Pergamum was, undoubtedly, an ancient place, whose foundation reaches back into the beginnings of town life in Asia. The situation is marked out by nature for a great fortified town, but is too large for a mere village. If we could fix the date of its foundation, we should know also the period when society has become so far developed and organised as to seek for defence against foreign invasion, and for offensive power, by combination on a great scale and the formation of a large centre of population. Beyond all other sites in Asia Minor it gives the traveller the impression of a royal city, the home of authority: the rocky hill on which it stands is so huge, and dominates the broad plain of the Caicus so proudly and boldly. The modern town is below the hill, where the earliest village was.

It is difficult to analyse such impressions, and to define the various causes whose combination produces them; but the relation of the vast hill to the great plain is certainly the chief cause. It would be impossible for any stronghold, however large and bold, to produce such an impression, if it stood in a small valley like those of Ephesus and Smyrna, for if the valley and the city were dominated by the still greater mass of the enclosing mountains. The rock rules over and as it were plants its foot upon a great valley; and its summit looks over the southern mountains which bound the valley, until the distant lofty peaks south of the Gulf of Smyrna, and especially the beautiful twin peaks now called the Two Brothers, close in the outlook. Far beneath lies the sea, quite fifteen miles away, and beyond it the foreign soil of Lesbos: the view of other lands, the presence of hostile powers, the need of constant care and watchfulness, all the duties of kingship are forced on the attention of him who sits enthroned on that huge rock. There is here nothing to suggest evanescence, mutability, and uncertainty, as at Sardis or Ephesus; the inevitable impression is of permanence, strength, sure authority and great size. Something of the personal and subjective element must be mixed up with such impressions; but in none of the Seven Cities does the impression seem more universal and unavoidable than in Pergamum.

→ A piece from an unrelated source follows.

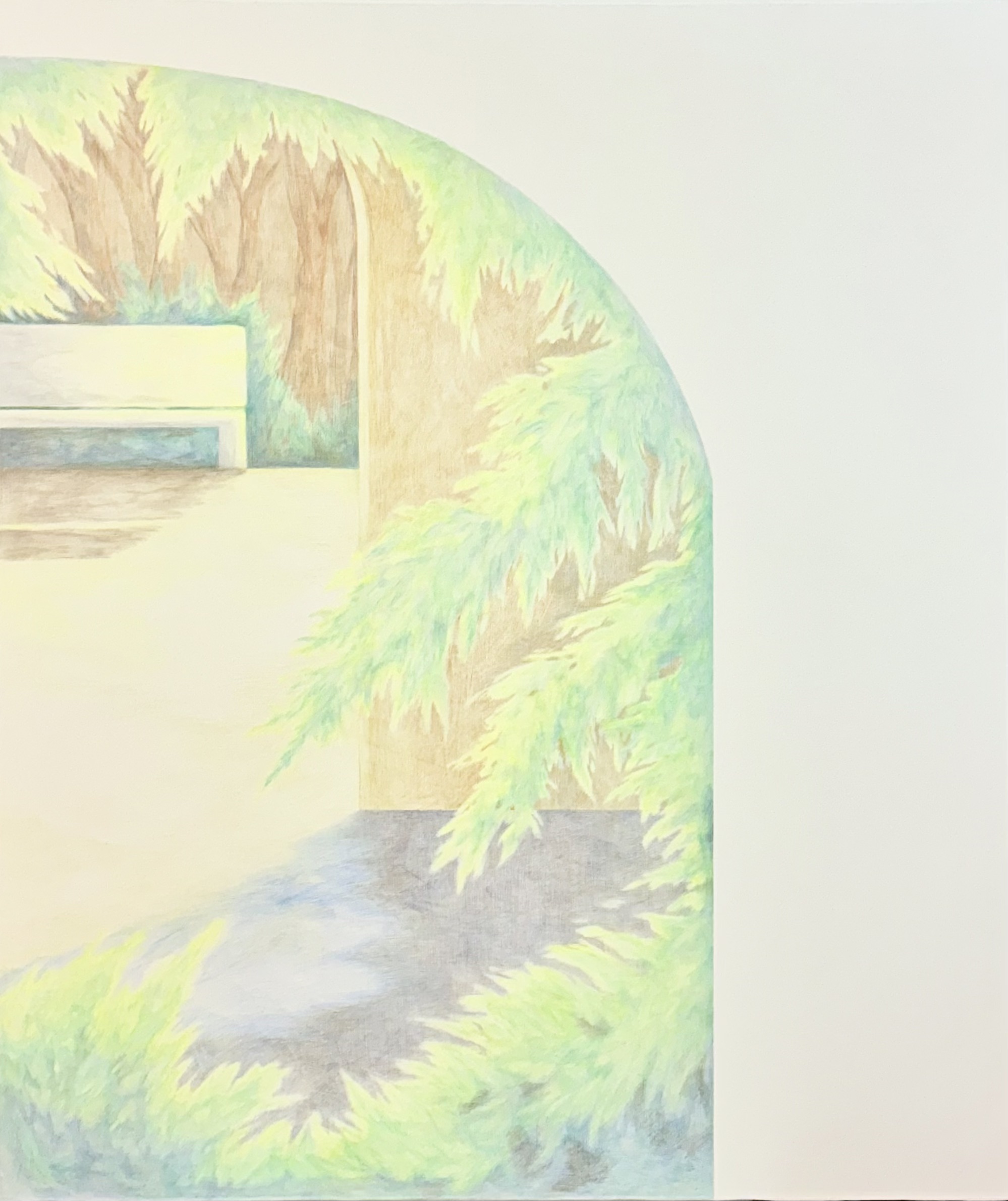 2000年台湾台北生まれ、現在台湾新北市在住。国立台北芸術大学美術学部絵画コース卒業、国立台北大学美術学部絵画コース修士在学中。奈々(Nana)の最近の創作は多様な絵画メディアを活用しており、水彩、色鉛筆、鉛筆から油彩まで、透明度のある色彩を持つ軽やかな顔料で作品を表現している。「引っ越し」を出発点とした作品では、家具の配置や位置が描かれている。家具と人の間には密接な関係があるが、画面では「人」は排除され、人の痕跡を注意深く見ないと気づかない場合もある。これは単に物体を独立して見ることを意味し、物体が画面の主体となり、観客にとって「引っ越し」というイベントだけでなく、「家具」と空間の関係により焦点を当て、軽やかで透明な色彩を使って、人や物体の「存在」と「欠席」の間の移行地帯を表現している。

The history and the coinage of Pergamum can be traced back into the fifth century; but its superiority and headship in Asia began in 282, when Philetaerus threw off allegiance to King Lysimachus and founded the kingdom of Pergamum, which was transmitted through a succession of kings, named Eumenes or Attalus, until 133. During those 151 years Pergamum was the capital of a realm varying in size from the first kingdom, simply the Caicus Valley (and hardly all of it), to the range of territories summed up in the vague expression “all the land on this side of Taurus.” For the first few years the Seleucid dynasty supported Philetaerus in opposition to Lysimachus; but soon the rivalry of Seleucid and Pergamenian kings became the governing political fact. The former steadily lost ground until about 222 B.C., when Antiochus the Great restored the power of his dynasty, reduced Attalus I to the original bounds of Pergamenian authority, and threatened even the existence of his kingdom. Roman aid expelled Antiochus in 190, and enlarged the Pergamenian kingdom to its widest extent.

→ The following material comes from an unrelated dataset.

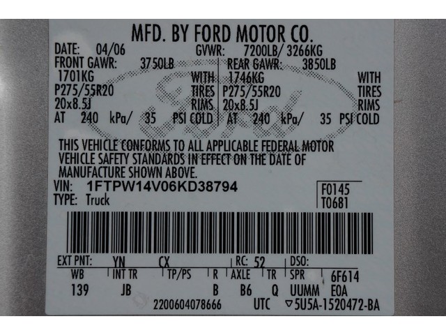 • VIN: 1FTPW14V06KD38794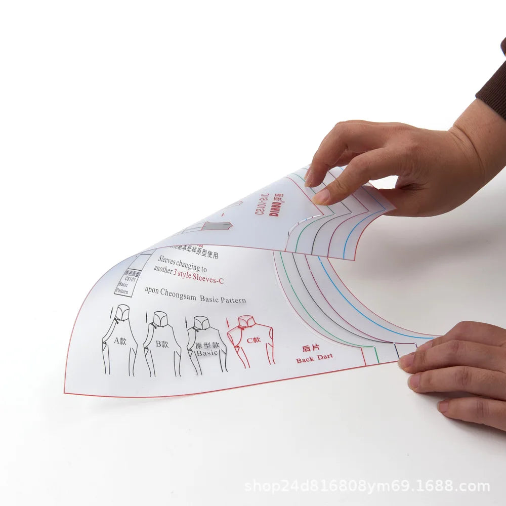 Made from high-transparency plastic, the template allows clear visibility of underlying pattern lines for precise alignment and tracing. The multi-size integrated design combines multiple sizes into a single template, improving efficiency and reducing the need for multiple pattern sets. The material is thin yet flexible, offering durability and ease of handling during drafting, and can be rolled for compact storage, making it suitable for studios, classrooms, and on-the-go pattern work.

In 133 Attalus III bequeathed the whole kingdom to the Romans, who formed it into the Province of Asia. Pergamum was the official capital of the Province for two centuries and a half: so that its history as the seat of supreme authority over a large country lasts about four centuries, and had not yet come to an end when the Seven Letters were written. The impression which the natural features of its position convey was entirely confirmed to the writer of the letters by its history. It was to him the seat where the power of this world, the enemy of the Church and its Author, exercised authority. The authority was exercised in two ways—the two horns of the monster, as we have seen in chapter 9—civil administration through the Proconsul, and the State religion directed by the Commune of Asia.

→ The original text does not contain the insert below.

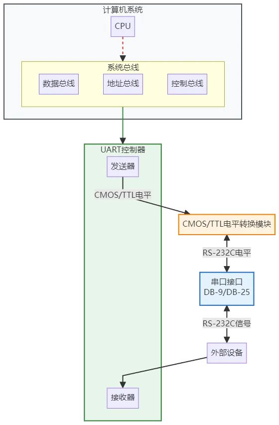 从硬件原理来看,一个完整的RS-232C串口电路,要经过CPU→UART(通用异步接收器发送器,负责并/串转换)→电平转换(CMOS/TTL转RS-232C电平)→DB9/DB25连接器的流程,最终实现数据传输。

The first, and for a considerable time the only, Provincial temple of the Imperial cult in Asia was built at Pergamum in honour of Rome and Augustus (29 B.C. probably). A second temple was built there in honour of Trajan, and a third in honour of Severus. Thus Pergamum was the first city to have the distinction of Temple-Warden both once and twice in the State religion; and even its third Wardenship was also a few years earlier than that of Ephesus. The Augustan Temple (Figure 7, chapter 10) is often represented on its coins and on those struck by the Commune. As the oldest temple of the Asian cult it is far more frequently mentioned and figured than any other Asian temple; it appears on coins of many Emperors down to the time of Trajan, and is generally represented open, to show the Emperor crowned by the Province.

The four patron deities of Pergamum are mentioned in an oracle, advising the people to seek safety from a pestilence through the aid of Zeus, Athena, Dionysos, and Asklepios. These represent, doubtless, four different elements in the Pergamenian population. Zeus the Saviour and Athena the Victory-Bearing had given the State is glorious victories over foreign enemies, and especially the Gauls; and the greatest efforts of Pergamenian art were directed to glorify them as representatives of the Hellenic spirit triumphing over barbarism. The great Altar with its long zone of stately reliefs, showing the gods of Hellas destroying the barbarian giants, was dedicated to Zeus Soter.

While the first two of those gods represent the Greek spirit and influence, the last two were more in accordance with the Anatolian spirit, and their worship bulked far more largely in the religious life of the city. Both of them were near the animal type, and if we could penetrate beneath the outward appearance imparted to them in art by the Greek anthropomorphic spirit, and reach down to the actual ritual of their Pergamenian cult, we should indubitably find that they were worshipped to a great degree as animal-gods, the God-Serpent and the God-Bull. Where the Pergamenian kings were insisting on their Hellenic character or blazoning in art their victory over barbaric enemies, they introduced Zeus and Athena, but when they were engaged in the practical government of their mixed people, mainly Anatolian, though mixed with Greek, they made most use of Asklepios and Dionysos.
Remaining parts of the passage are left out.